As to this particular case of confidentiality creep, there are very real and pernicious impacts. For example, if the Act becomes law, cruel and unusual punishment challenges in North Carolina would be subject to drug manufacturers’ preference not to be bothered. Investigators of gruesome botched executions, which have occurred in other states, would now have to jump an unknown hurdle so as to gather information about the drugs used. After all, the public might want to know how a drug was manufactured, where, under what conditions, and the like. But under the Act – if enforcedall identifying information would have to be gathered by leak, a whistleblower, or by exploiting a mistaken release of information, which might then render the information excluded from evidence.

But wait: the Act’s title suggests that it is supposed to be “restoring proper justice.” Surely there must be a good reason for this confidentiality? According to press reports, the best (and perhaps only) apparent reason is a concern that, if identified, these manufacturers will choose not to provide the drugs out of fear of litigation by death penalty opponents, or be forced not to by a court. North Carolina Policy Watch reported that Sen. Buck Newton explained that confidentiality is needed “so that they aren’t litigated to death in order to prevent them from selling these drugs to the state.” Additionally, Rep. Leo Daughtry, a sponsor of the Act, noted that “if you tell [opponents] where the drug comes from, there will be 300 people outside the building.”

Put aside, for the moment, the assertion that a cost of doing business with the government – especially when it involves something as serious and irreversible as the administration of the death penalty – might be public accountability and scrutiny. As argued by the North Carolina American Civil Liberties Union’s Sarah Preston, “Courts, lawyers and the public have a right to know basic details about how the government executes inmates in their name.” Instead, let’s take the above argument seriously and see where it leads.

Generally, the argument is that if [name your information] is made public, then [name your private manufacturer] won’t provide the [name your good or service] to the government. Well, we’ve heard it before, and it doesn’t pass muster. From voting machines to hydraulic fracturing, weakening commercial confidentiality has generally not resulted in private entities withdrawing from providing the good or service; rather, they’ve adjusted. Moreover, private entities can raise prices in order to hedge against the risk of litigation. Indeed, the threat of exposure might force such manufacturers to provide better goods that are less susceptible to challenge. In other words, the impact of publicity is not all bad – even for the private entities, like drug companies, potentially subject to public scrutiny.
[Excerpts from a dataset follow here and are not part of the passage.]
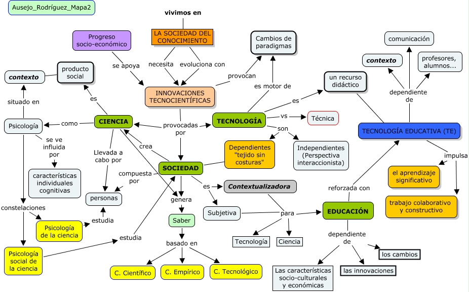 Este Cmap, tiene información relacionada con: PEC1.3_Ausejo_Rodríguez_(Mapa2), TECNOLOGÍA es un recurso didáctico, CIENCIA genera Saber, TECNOLOGÍA EDUCATIVA (TE) dependiente de comunicación, LA SOCIEDAD DEL CONOCIMIENTO evoluciona con INNOVACIONES TECNOCIENTÍFICAS, Psicología situado en contexto, Progreso socio-económico se apoya INNOVACIONES TECNOCIENTÍFICAS, Subjetiva para Ciencia, SOCIEDAD es Contextualizadora, Subjetiva para Tecnología, Contextualizadora para Tecnología, vivimos en ???? ????, EDUCACIÓN dependiente de las innovaciones, Contextualizadora para Ciencia, EDUCACIÓN dependiente de los cambios, SOCIEDAD compuesta por personas, SOCIEDAD ???? Dependientes "tejido sin costuras", TECNOLOGÍA EDUCATIVA (TE) dependiente de contexto, TECNOLOGÍA vs Técnica, SOCIEDAD genera Saber, TECNOLOGÍA son Independientes (Perspectiva interaccionista)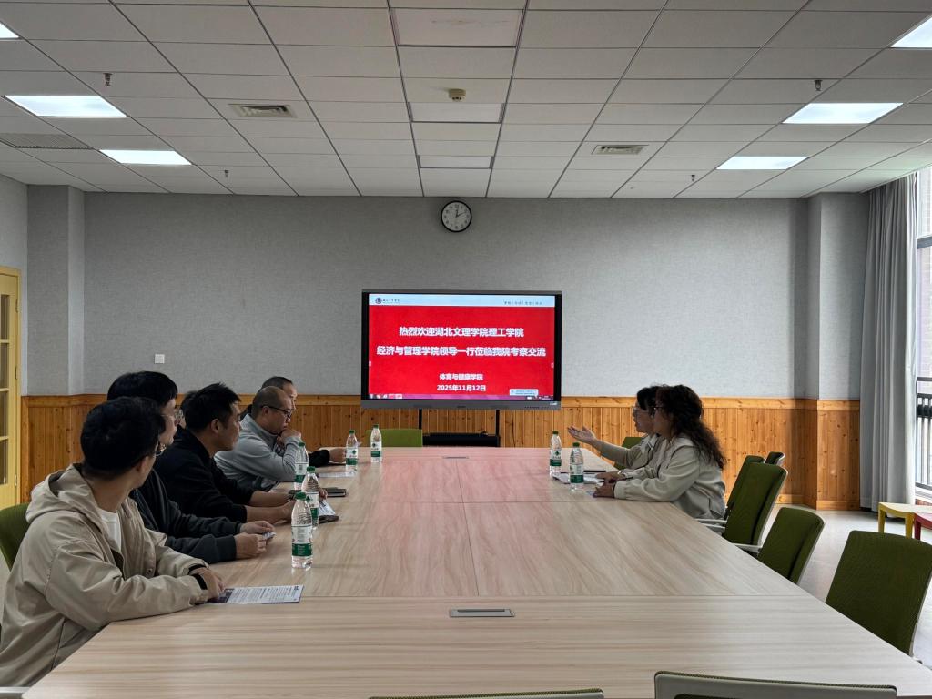 11月12日,湖北文理学院理工学院经济与管理学院副院长朱靖一行赴我院开展调研交流,体育与健康学院院长熊浩,副院长罗磊、余明炜,经济与管理学院副院长徐刚和健康体育教研室相关教师陪同调研,并参加座谈。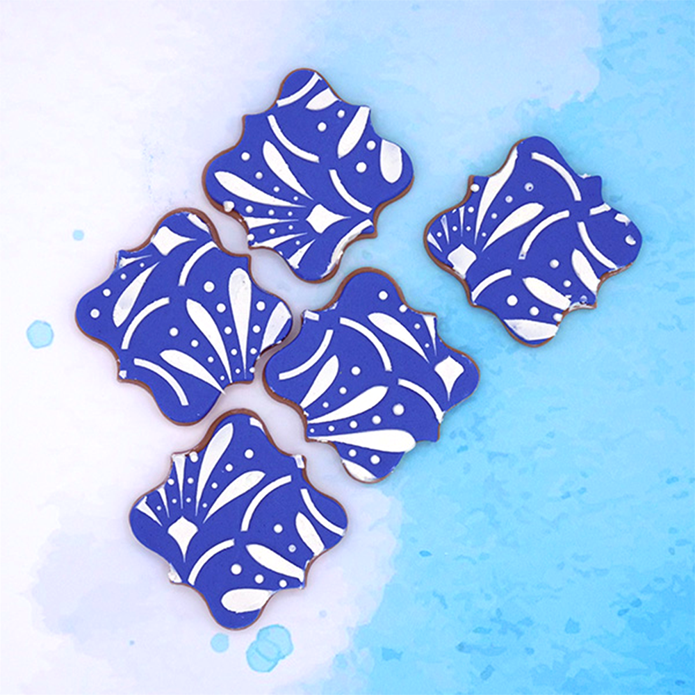 1. Aplique o Stencil sobre a superfície de um bolo/bolacha que já tenha alguma cobertura seca ou firme.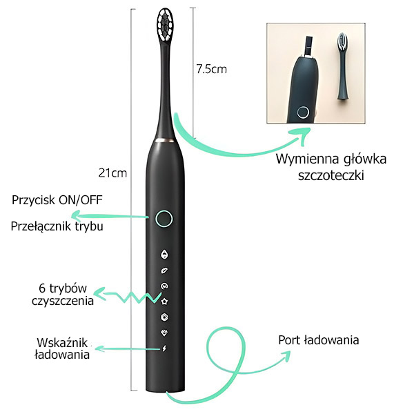 🦷 Możliwość dokupienia wymiennych końcówek, dla dłuższej trwałości i pełnej higieny!

So where does this leave us? As alluded to above, we often forget that doing the public’s business is not the same as private commerce, precisely because the customer is the public itself. We often wind up with confidentiality creep, expanding the definition of what we call “confidential” for underexplored or non-explored reasons, with little or no public discussion. If you’re not convinced, throw the efforts to gain public access to the basic negotiating text for the nearing-completion multilateral Trans Pacific Partnership Agreement into the mix, because that’s confidentiality creep also. It’s not publicly available, for unclear reasons.

We, the public, need to pay a lot more attention to these developments. If you’re concerned about the above, contact Governor McCrory’s office now and urge him to veto the Restoring Proper Justice Act. Aside from any other reasons that you might have, tell him that preventing the risk of a fleeing commercial provider, if it is a problem at all, comes at enormous public cost. Do it now as he could sign the Act at any moment.

More broadly, think critically when you hear arguments about the need for confidentiality. Admittedly, the press does not usually cover these issues, dismissing them as arcane or too complex. Nonetheless, I’ll do my best to document these issues as they arise, because they are too important to ignore. Let’s try to stop the quiet, baseless, under-explained creep.